▸ **AIM OF THE TASK**: Using the data below, print exactly the line with "In recent years, many", the line with "乐投在线继续教育学院二层阶梯教室多媒体采购项目招标公告 作者: 编辑: 时间:2025-09-01", and every line between them, but none of the pictures.

[[ DATASET EXTRACT open ]]

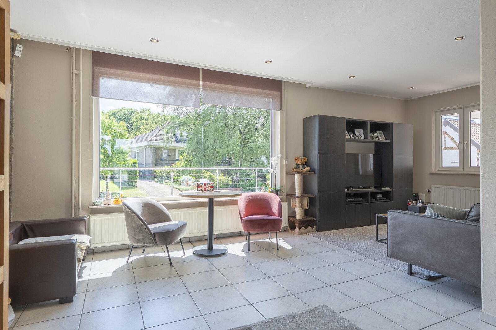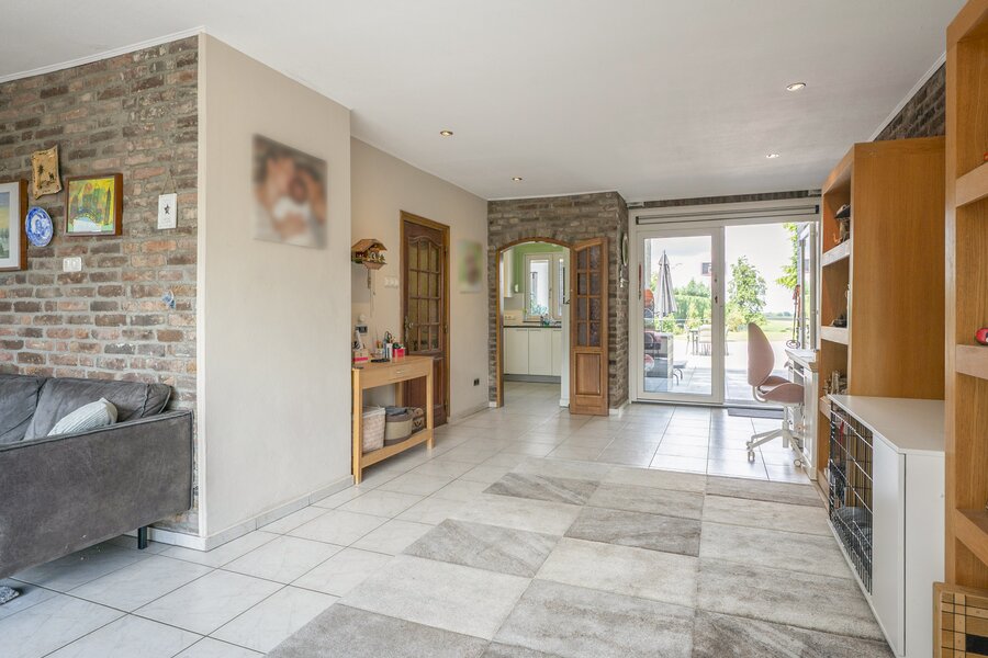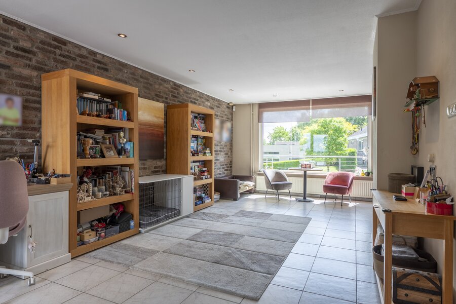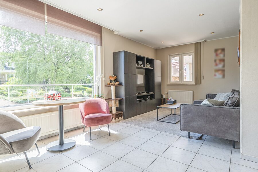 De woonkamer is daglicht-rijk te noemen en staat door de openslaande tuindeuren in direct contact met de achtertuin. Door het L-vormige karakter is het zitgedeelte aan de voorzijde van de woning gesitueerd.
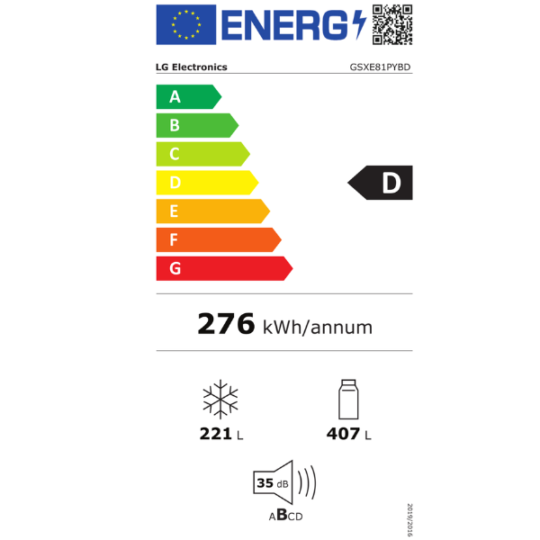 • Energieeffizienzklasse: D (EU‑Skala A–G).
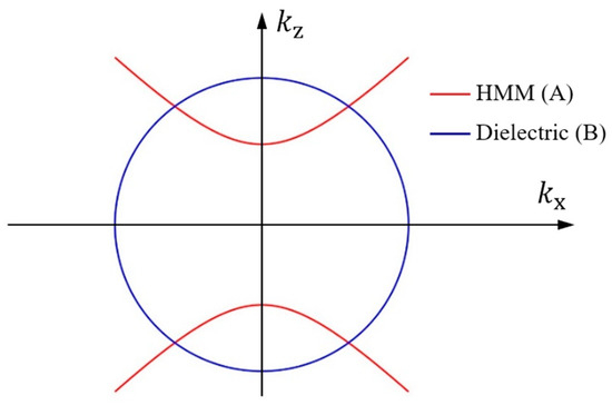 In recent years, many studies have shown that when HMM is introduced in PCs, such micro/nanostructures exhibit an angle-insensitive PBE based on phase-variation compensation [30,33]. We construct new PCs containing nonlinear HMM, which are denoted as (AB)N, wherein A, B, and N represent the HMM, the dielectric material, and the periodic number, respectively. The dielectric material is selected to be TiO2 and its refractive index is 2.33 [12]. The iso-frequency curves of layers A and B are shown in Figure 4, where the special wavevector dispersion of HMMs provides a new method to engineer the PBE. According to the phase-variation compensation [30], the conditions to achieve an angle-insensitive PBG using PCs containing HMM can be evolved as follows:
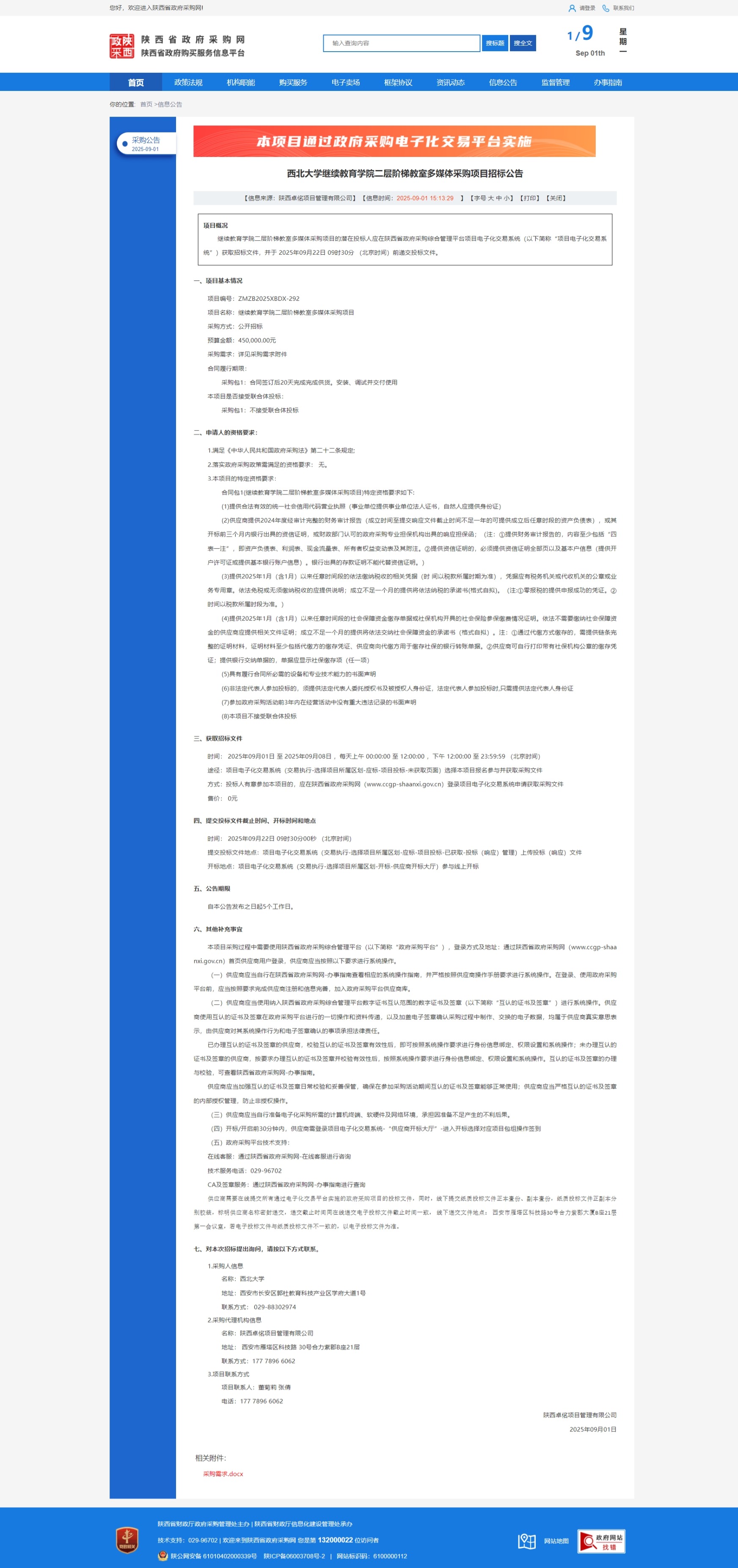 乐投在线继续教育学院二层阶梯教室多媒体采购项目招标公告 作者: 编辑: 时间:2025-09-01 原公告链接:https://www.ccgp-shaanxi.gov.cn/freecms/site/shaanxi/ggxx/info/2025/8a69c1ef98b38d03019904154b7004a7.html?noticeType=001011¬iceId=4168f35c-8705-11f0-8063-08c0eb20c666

[[ DATASET EXTRACT closed ]]
[[ DATASET EXTRACT open ]]

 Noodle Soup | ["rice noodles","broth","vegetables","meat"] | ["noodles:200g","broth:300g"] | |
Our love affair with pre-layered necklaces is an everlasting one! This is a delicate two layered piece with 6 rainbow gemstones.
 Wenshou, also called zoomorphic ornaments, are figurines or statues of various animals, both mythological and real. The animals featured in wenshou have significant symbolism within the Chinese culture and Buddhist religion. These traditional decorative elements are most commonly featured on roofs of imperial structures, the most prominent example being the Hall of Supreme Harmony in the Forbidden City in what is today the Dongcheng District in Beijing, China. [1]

[[ DATASET EXTRACT closed ]]
[[ DATASET EXTRACT open ]]

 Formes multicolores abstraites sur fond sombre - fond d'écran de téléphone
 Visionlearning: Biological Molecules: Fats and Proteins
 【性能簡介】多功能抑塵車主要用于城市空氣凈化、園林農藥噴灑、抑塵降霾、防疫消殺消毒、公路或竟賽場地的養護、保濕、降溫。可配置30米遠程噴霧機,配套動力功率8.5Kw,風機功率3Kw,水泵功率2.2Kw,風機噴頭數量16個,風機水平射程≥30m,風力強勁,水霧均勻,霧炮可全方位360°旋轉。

[[ DATASET EXTRACT closed ]]

▸ **TASK RESPONSE**:
 In recent years, many studies have shown that when HMM is introduced in PCs, such micro/nanostructures exhibit an angle-insensitive PBE based on phase-variation compensation [30,33]. We construct new PCs containing nonlinear HMM, which are denoted as (AB)N, wherein A, B, and N represent the HMM, the dielectric material, and the periodic number, respectively. The dielectric material is selected to be TiO2 and its refractive index is 2.33 [12]. The iso-frequency curves of layers A and B are shown in Figure 4, where the special wavevector dispersion of HMMs provides a new method to engineer the PBE. According to the phase-variation compensation [30], the conditions to achieve an angle-insensitive PBG using PCs containing HMM can be evolved as follows:
 乐投在线继续教育学院二层阶梯教室多媒体采购项目招标公告 作者: 编辑: 时间:2025-09-01 原公告链接:https://www.ccgp-shaanxi.gov.cn/freecms/site/shaanxi/ggxx/info/2025/8a69c1ef98b38d03019904154b7004a7.html?noticeType=001011¬iceId=4168f35c-8705-11f0-8063-08c0eb20c666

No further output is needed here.